座右の銘は精神一到。それも度が過ぎているらしい。
一つ例をあげると、合唱コンクールの練習時何故か黒崎のクラスだけは何の物音もせずただただ生気の無い歌声だけが延々と流れていたという。
そのおかげでコンクールでは金賞はとれたが歓声はあまり沸かなかったと経験者は語る。
「黒崎と同じ中学校だった連中がそう話してた。俺はツンデレかとも思ったんだがそいつらの話だとそんな生易しいものじゃないって」
鹿島がそう話を締めくくる。
うわーめんどくさー。とどのつまり、自分が常に一番じゃなきゃ満足できないアレでしょ?

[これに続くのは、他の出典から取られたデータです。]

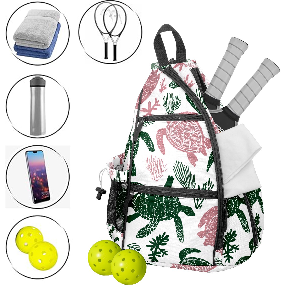 • ✅ Прочный материал Изготовлена из нейлоновой ткани + плетеного ремня + сетчатой корзины: гладкая на ощупь, приятная текстура, долговечная в использовании. ✅ Большой объем + много карманов Размер 153545см/6x13.8x17.7 дюймов, продуманная конструкция с несколькими карманами позволяет удобно разложить аксессуары для пикебола, не беспокоясь о нехватке места. ✅ Максимальный комфорт ношения Подушенное спинное отделение + регулируемые сетчатые плечевые ремни эффективно предотвращают растяжение мышц и боль в плечах, даже при длительном ношении. ✅ Универсальное использование Ремни выполнены по технологии съемного молния — регулируемый способ ношения. Подходит как повседневная поясная сумка для поездок, прогулок и других мероприятий, также является идеальным подарком для друзей и близких!

漫画やアニメの富豪系ライバルやお坊っちゃま系ライバルにありがちな「お前はここで僕に負けるべきなんだッ」というやつだ。
こうなると厄介なのがその後の付き合い。
僕はどうにかして自分を黒崎より下に見せないといけないわけだ。
しかし下手な演技は逆に黒崎を怒らせる。これでどうやって振りきればいいんだ。
「どうしよう……あれ?コトハは?」
意識を目の前に戻すといつの間にかコトハがいない。
すると烏間が
「コトハさんなら黒崎さんのところに行きましたよ」
「は?なんで?」
「なんでも、視線がうっとうしいから文句をいいに行くそうですよ。秀人に言いたいことがあるなら言え。直接言うのが恥ずかしいなら儂が代わりに話してきてやる、と」
「何やってんだアイツ!?」
僕が即座に黒崎の方に目を向けると詰問姿勢のコトハといきなりの状況に慌てふためいて赤面している黒崎の姿があった。
思わず聞き耳を立ててしまう。
「い、いや、私はそんな秀人君を注視していた訳では」
前のコトハのセリフは聞き取れなかったが黒崎は必死にコトハの言葉を否定する。
だが我らがコトハはそんなことで引き下がるような性格をしていないのだ。
「いや、ガッツリ見ておったじゃろ。あれだけ見られれば誰でも分かるわい。もし今の自分の気持ちが分からないようじゃったら教えてやろう。今のお主は秀人に嫉妬しておるのじゃ。」
「ッ……!」
「ほら見てみい、ぐうの音もでないじゃろう。自覚があるなら何故嘘をつく。別に嫉妬は特別悪い感情ではないぞ?」
コトハが黒崎に油を注いでいく。
黒崎は今にも羞恥で爆発寸前だ。
やめろ!やめてくれ!ヤメタゲテヨォ!
あまりにも惨たらしい状況に僕は鹿島に助けをもとめた。
「おい鹿島!コトハを連れ戻してきてくれ!あのままだと黒崎のライフ表示がゼロになる!」
「なに言ってんだ秀人。中学校から一緒にいたやつも見たこと無い冷徹委員長の貴重な羞恥映像だぞ。誰がそんな激レアシチュエーション止めれるかってんだ。俺はこの歴史的場面をしかと目に焼き付ける」
「そうかそうか。つまり君はそう言うやつだったんだな。烏間、頼むからお前が行ってきてくれ。」
「ええ!?私ですか!? 私、コミュ障には定評ありますよ!」
「誇んなよ」
完全なクズと化した鹿島と自らのコンプレックスを盾にする烏間。
僕が行ってもカオスになるだけだし手の打ちようがない。
「白黒ハッキリつけたいのなら儂が手を打ってやらんこともないぞ。競射をすればよいではないか」
「そ、そんなこと……」
「おーい秀人!こやつがお主と競射がやりたいそうじゃ!少し付き合ってくれんか!」
「あ、ああ……」
コトハが大声で言うと黒崎は今にも泣きそうだった顔を手でおおう。
……いったいこの状況に誰が得をすると言うのだろうか。